2. the method for the model realization framework according to claim 1 based on supervision class machine learning algorithm, feature exist In: mode input data are divided into target item and characteristic item in the step 1, wherein target item is pair that model needs to predict As confirming such object by business demand；Characteristic item is then for carrying out model training multi-dimensional matrix, feature Each of item dimension all has certain influence to prediction target item.

3. the method for the model realization framework according to claim 1 based on supervision class machine learning algorithm, feature exist In: processing mode in the step 2 the following steps are included:

2, the basic conversion of correlated characteristic column；

4. the method for the model realization framework according to claim 3 based on supervision class machine learning algorithm, feature exist In: the basic conversion includes that LOG, EXP, SQRT are converted.

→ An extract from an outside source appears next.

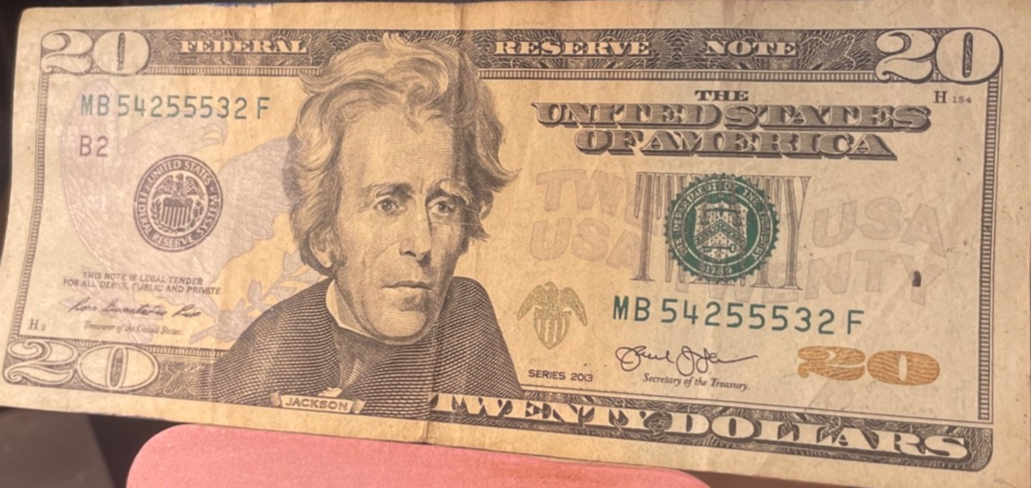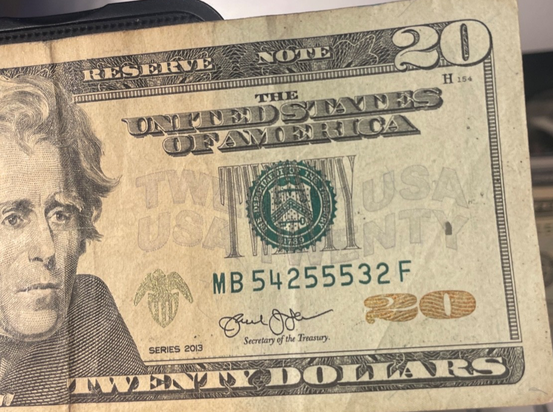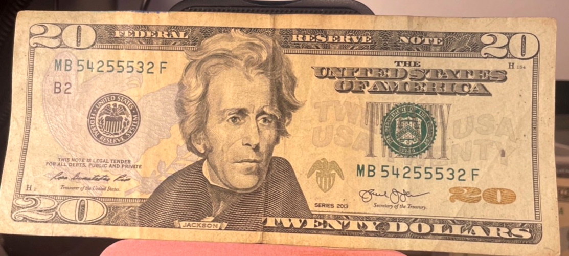 The product is a circulated $20 Federal Reserve Note from 2013 with the serial number MB 54255532. This banknote features a fancy number and is of ungraded grade designation. It is uncertified and originates from the United States. This note is considered a collectible item for those interested in US currency.has center fold and a tiny pin hole.

5. the method for the model realization framework according to claim 1 based on supervision class machine learning algorithm, feature exist In: sample data in the step 3 needs to increase a column entitled " weight " or the amendment column of " offset ", assignment rule are as follows:

The sample that label is 1, weight are assigned a value of p1/r1；

The sample that label is 0, weight are assigned a value of (1-p1)/(1-r1)；

Wherein p1 is ratio shared by label is 1 in initial bulk sample notebook data sample, and r1 is sample data adjusted of sampling Ratio shared by the sample that middle label is 1.

6. the method for the model realization framework according to claim 1 based on supervision class machine learning algorithm, feature exist In: the algorithms library in the step 4 is the algorithm packet in R, or is the Scipy algorithms library in Python, or in Spark MLlib algorithms library.

7. the method for the model realization framework according to claim 1 based on supervision class machine learning algorithm, feature exist In: target item involved in the step 5 and prediction result are equipped with reference quantity, respectively mean square error and classification accuracy, In,

MSE is known as mean square error, calculation formula are as follows:

Classification accuracy, calculation formula are as follows:

Wherein, N is test sample amount, and p is that model prediction is 1 and realistic objective item is also 1 quantity, q be model prediction be 0 and Realistic objective item is also 0 quantity.

8. the method for the model realization framework according to claim 3 based on supervision class machine learning algorithm, feature exist In: the rule of certain rule is the ratio cut partition training test data with 7:3, i.e., 70% data sample is for training mould Type, 30% data sample are used to test.